You could do it like that if you don't need to remeber where the contents come from :
PathwayList = []
for InFileName in FileList:
sys.stderr.write("Processing file %s\n" % InFileName)
InFile = open(InFileName, 'r')
PathwayList.append(InFile.readlines())
InFile.close()
for contents in PathwayList:
# do something with contents which is a list of strings
print contents
or, if you want to keep track of the files names, you could use a dictionary :
PathwayList = {}
for InFileName in FileList:
sys.stderr.write("Processing file %s\n" % InFileName)
InFile = open(InFileName, 'r')
PathwayList[InFile] = InFile.readlines()
InFile.close()
for filename, contents in PathwayList.items():
# do something with contents which is a list of strings
print filename, contents
You might want to check out Python's fileinput module, which is a part of the standard library and allows you to process multiple files at once.
Essentially, you have a list of files and you want to change to list of lines of these files...
Several ways:
result = [ list(open(n)) for n in sys.argv[1:] ]
This would get you a result like -> [ ['alg1', 'alg2', 'alg3'], ['csr1', 'csr2'...]] Accessing would be like 'result[0]' which would result in ['alg1', 'alg2', 'alg3']...
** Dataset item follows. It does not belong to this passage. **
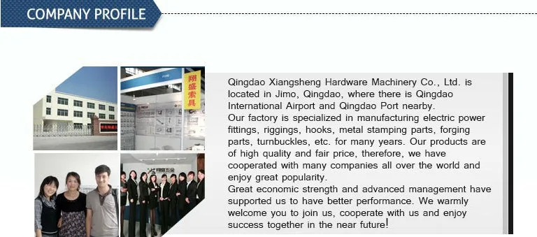 Main products | Forging parts, Electric fitting parts, Eye bolt, Shackle, Turnbuckle, Wire rope clips, Link Chain, Aluminum sleeve, Thimble, Rigging hardware, Link Chain, Hooks |

Somewhat better might be dictionary:
result = dict( (n, list(open(n))) for n in sys.argv[1:] )
If you want to just concatenate, you would just need to chain it:
import itertools
result = list(itertools.chain.from_iterable(open(n) for n in sys.argv[1:]))
# -> ['alg1', 'alg2', 'alg3', 'csr1', 'csr2'...
Not one-liners for a beginner...however now it would be a good exercies to try to comprehend what's going on :)
You need to dynamically create the variable name for each file 'number' that you're reading. (I'm being deliberately vague on purpose, knowing how to build variables like this is quite valuable and more readily remembered if you discover it yourself)
something like this will give you a start
You need a list which holds your PathwayList lists, that is a list of lists.
One remark: it is quite uncommon to use capitalized variable names. There is no strict rule for that, but by convention most people only use capitalized names for classes.